The released 1B variant of CSM strikes a balance between performance and accessibility. It's designed to run efficiently with modest hardware requirements, needing only a CUDA-compatible GPU (tested on CUDA 12.4 and 12.6). This makes it accessible even on consumer-grade hardware. The model is distributed under the Apache 2.0 license, making it available for both research and commercial applications, with the model checkpoint conveniently hosted on Hugging Face.

Implementation Guide

Getting Started

Setting up CSM involves a straightforward process that begins with cloning the repository and setting up a Python virtual environment. Here's a comprehensive guide to get you started:

git clone git@github.com:SesameAILabs/csm.git
cd csm
python3.10 -m venv .venv
source .venv/bin/activate
pip install -r requirements.txt
huggingface-cli login

Note that Windows users should install the triton-windows package instead of triton. Before proceeding, ensure you have access to both the sesame/csm-1b and meta-llama/Llama-3.2-1B models through Hugging Face.

Basic Implementation

Let's explore how to implement CSM in your projects. Here's a basic example that demonstrates generating a simple audio output:

from generator import load_csm_1b
import torchaudio
import torch

# Set the device based on available hardware
if torch.backends.mps.is_available():
    device = "mps"
elif torch.cuda.is_available():
    device = "cuda"
else:
    device = "cpu"

# Load the CSM 1B generator model
generator = load_csm_1b(device=device)

# Generate audio from text
audio = generator.generate(
    text="Hello from Sesame.",
    speaker=0,
    context=[],  # no context provided in this simple example
    max_audio_length_ms=10_000,
)

# Save the generated audio to a WAV file
torchaudio.save("audio.wav", audio.unsqueeze(0).cpu(), generator.sample_rate)

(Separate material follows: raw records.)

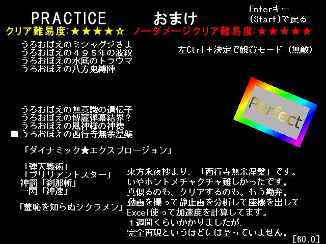 「うろおぼえの西行寺無余涅槃」のPerfectを達成しました。
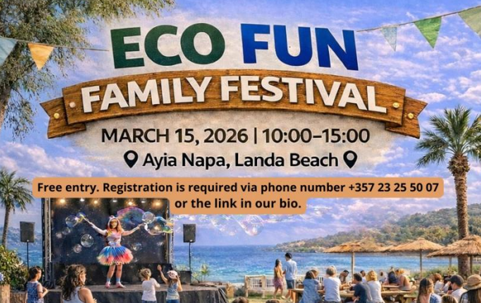 Agia Napa is preparing to host the Eco Fun Family Festival, a vibrant family-oriented event dedicated to nature, participation and environmental awareness. The festival will take place on Sunday, March 15, 2026, from 10:00 to 15:00, at Landa Beach in Agia Napa, offering a complete seaside experience filled with meaningful activities and entertainment.
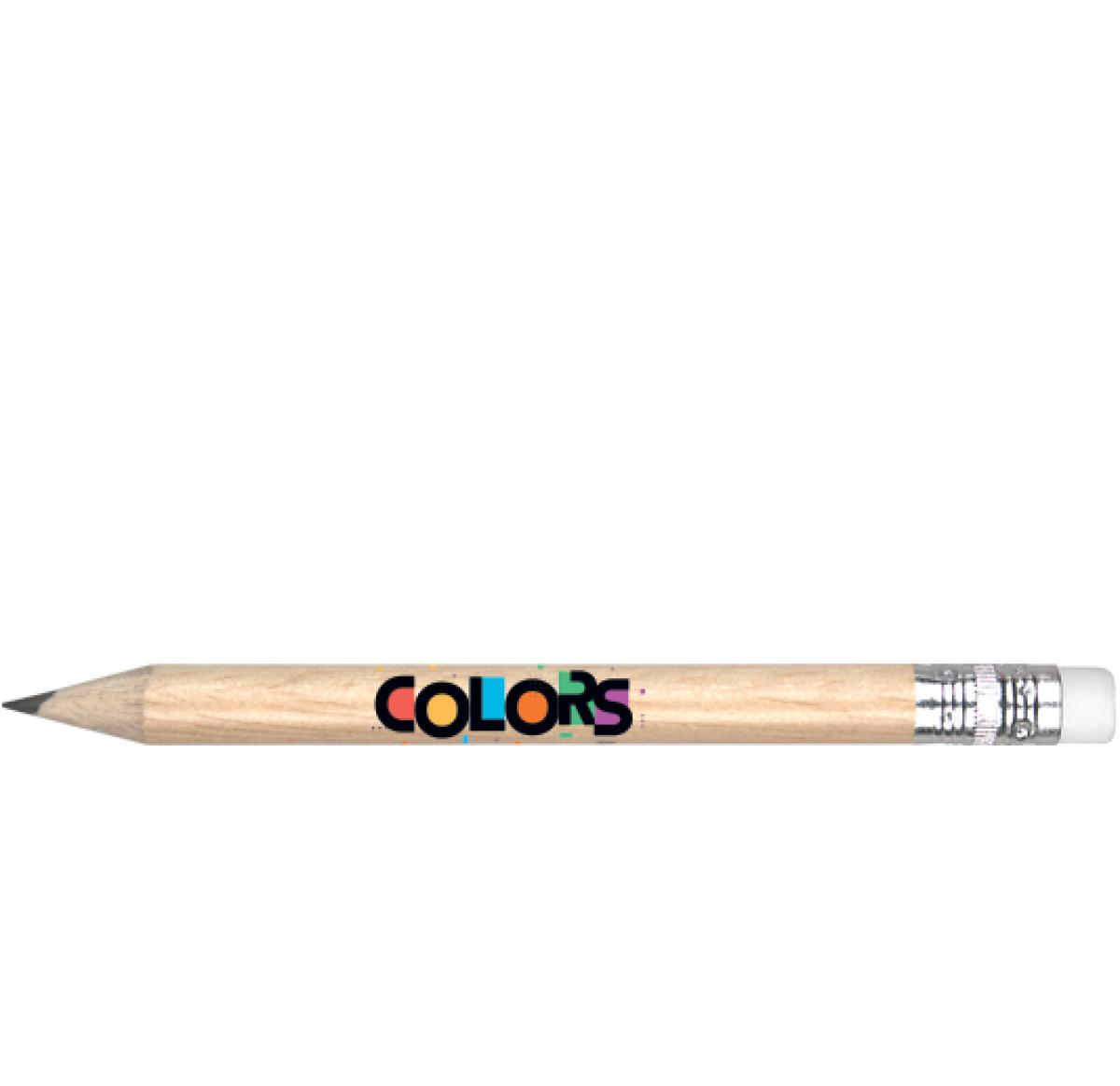 Half length pencil with a silver ferrule and White eraser. Suitable for single colour printing only. Always supplied sharpened at no additional cost.

Advanced Usage with Context

To fully leverage CSM's capabilities, you'll want to provide conversational context. Here's how you can create more sophisticated audio generations:

from generator import load_csm_1b
import torchaudio

# Define context for multiple speakers
speakers = [0, 1, 0, 0]
transcripts = [
    "Hey how are you doing.",
    "Pretty good, pretty good.",
    "I'm great.",
    "So happy to be speaking to you.",
]
audio_paths = [
    "utterance_0.wav",
    "utterance_1.wav",
    "utterance_2.wav",
    "utterance_3.wav",
]

def load_audio(audio_path):
    audio_tensor, sample_rate = torchaudio.load(audio_path)
    audio_tensor = torchaudio.functional.resample(
        audio_tensor.squeeze(0),
        orig_freq=sample_rate,
        new_freq=generator.sample_rate
    )
    return audio_tensor

segments = [
    Segment(text=transcript, speaker=speaker, audio=load_audio(audio_path))
    for transcript, speaker, audio_path in zip(transcripts, speakers, audio_paths)
]

# Generate contextualized audio output
audio = generator.generate(
    text="Me too, this is some cool stuff huh?",
    speaker=1,
    context=segments,
    max_audio_length_ms=10_000,
)

torchaudio.save("audio.wav", audio.unsqueeze(0).cpu(), generator.sample_rate)

Common Questions and Ethical Considerations

Understanding CSM's Capabilities

While CSM is a powerful tool for audio generation, it's important to understand its scope and limitations. The model comes as a base generation system without pre-defined voices, allowing for flexible voice characteristics based on input and context. However, it's specifically designed for audio generation and requires integration with a separate language model for full conversational capabilities. While it can handle some non-English content, its primary optimization is for English language processing.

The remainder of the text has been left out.